At the peak of the action potential, the membrane potential is close to V_Na, but it never reaches V_Na (3 in Fig. 2). There are two reasons for this. First, the voltage-gated Na⁺ channels begin to inactivate spontaneously very rapidly after opening. Channel inactivation "plugs" the pore of the channel so that Na⁺ ions can no longer pass through the channel permeation pathway. A cytosolic region of the Na⁺ channel actually blocks the Na⁺ permeation pathway of the channel. This has been referred to as the ball-and-chain model of inactivation (Fig. 4). Ball refers to a globular cytoplasmic portion of channel protein that is tethered to the rest of the protein by a linker (or chain) part. A schematic representation of this process is shown in Fig. 4.

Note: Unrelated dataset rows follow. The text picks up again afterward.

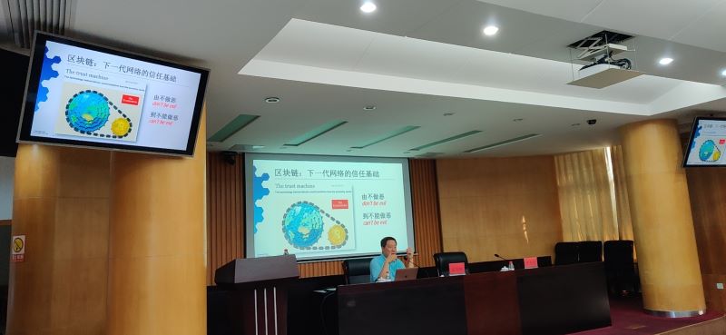 随后,容院士一行人来到学院315会议室与教师代表进行座谈。容院士非常看好海南自由贸易港发展,希望可以发挥区块链在贸易上的优势,并就合作事宜进行商讨。曹院长表示,要着重于将其研究及产品本土化,进行落地,不以点而以体系将其进行推进。
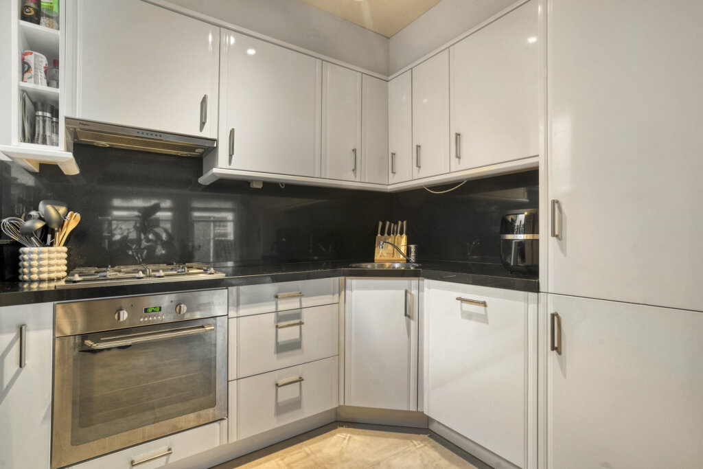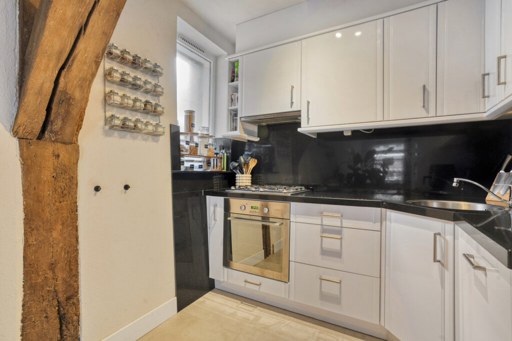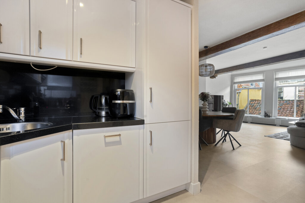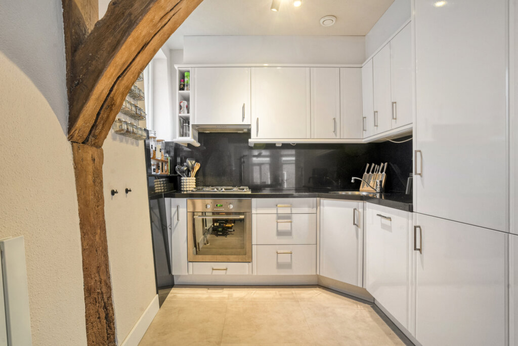 Aan de achterzijde van de woonkamer bevindt zich de open keuken. Deze praktische keuken is modern uitgevoerd met diverse inbouwapparatuur. Dankzij de open indeling vormt de keuken een geheel met de woonkamer, waardoor koken en gezellig samenzijn naadloos in elkaar overlopen.
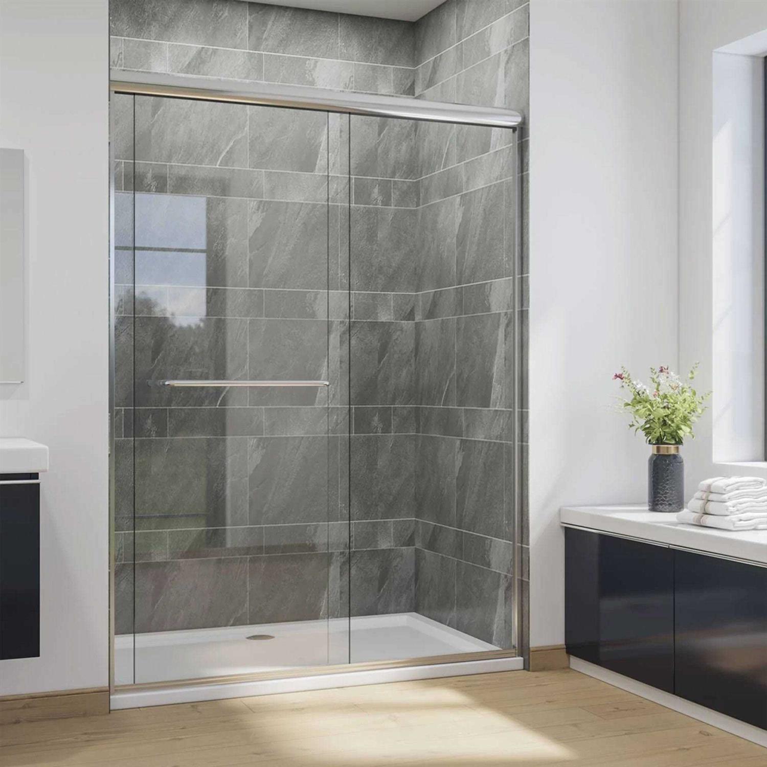 Stepping in and out of the shower can be a messy process if you don’t have the right equipment. This stylish sliding shower door features a contemporary design, providing a clean and enjoyable bathing experience free of needless hassle. The 1/4-inch thick tempered glass offers thorough shatterproof protection, so you can shower comfortably and safely at all times. The double sliding bypass design allows entry and installation to the shower on either the left or right side, for use that matches your preferences. An aluminum door handle equipped with a long bar is mounted proud enough to act as a towel rail or as leverage when opening/exiting. This system includes a long towel bar, 2 sliding glass panels, 4 waterproof seal strips, and all other necessary installation tools. High-quality PVC material seal strips prevent water from leaking to keep your bathroom looking tidy and clean. The shower door features an adjustable width from 52.5 to 54 inches wide and measures 72 inches high.

The second reason for the fact that the peak of the action potential does not reach V_Na is that neurons also have voltage-gated K⁺ channels that become activated by membrane depolarization (also at around the threshold voltage of −40 to −50 mV). Activation of the voltage-gated K⁺ channels, however, is much slower than that of voltage-gated Na⁺ channels (Fig. 5). For this reason, these K⁺ channels are referred to as delayed rectifiers. Therefore, at the peak of the action potential, p_K is greater than its value when the neuron is at rest, and movement of K⁺ out of the cell opposes the depolarization caused by the movement of Na⁺ into the cell (Fig. 5)

Once the peak of the action potential is reached, Na⁺ channels inactivate, and as a result p_Na falls rapidly with time, and approaches its value at rest (Fig. 5). At this time, however, because of the delayed response of the voltage-gated K⁺ channels to membrane depolarization, p_K is still becoming larger. Now the balance of ion flow across the membrane is in favor of K⁺ moving out of the cell. Movement of K⁺ out of the cell brings about rapid repolarization of the membrane back to the resting value (4 in Fig. 2). However, p_K remains elevated for some time even after V_m has reached the resting value (Fig. 5). Therefore, continued movement of K⁺ out of the cell causes a membrane hyperpolarization (i.e., more negative than V_rest). This phase is commonly referred to as the hyperpolarizing afterpotential or simply hyperpolarization (5 in Fig. 2). This is also sometimes referred to as undershoot. This occurs because during this time p_Na is at its resting value, but p_K is higher than its resting value. Therefore, K⁺ movement out of the cell will tend to move the V_m closer to V_K. Finally, p_K returns to its value at rest, and at this time the membrane potential also returns to baseline at its resting value of about −70 mV. It is important to note that K⁺ channels do not inactivate. They close simply because the membrane potential becomes more negative than the threshold potential (the potential at which Na⁺ and K⁺ channels become activated). Thus, the repolarization and hyperpolarization that is caused by movement of K⁺ out of the cell through the voltage-gated K⁺ channels, also causes the closing of the same voltage-gated K⁺ channels.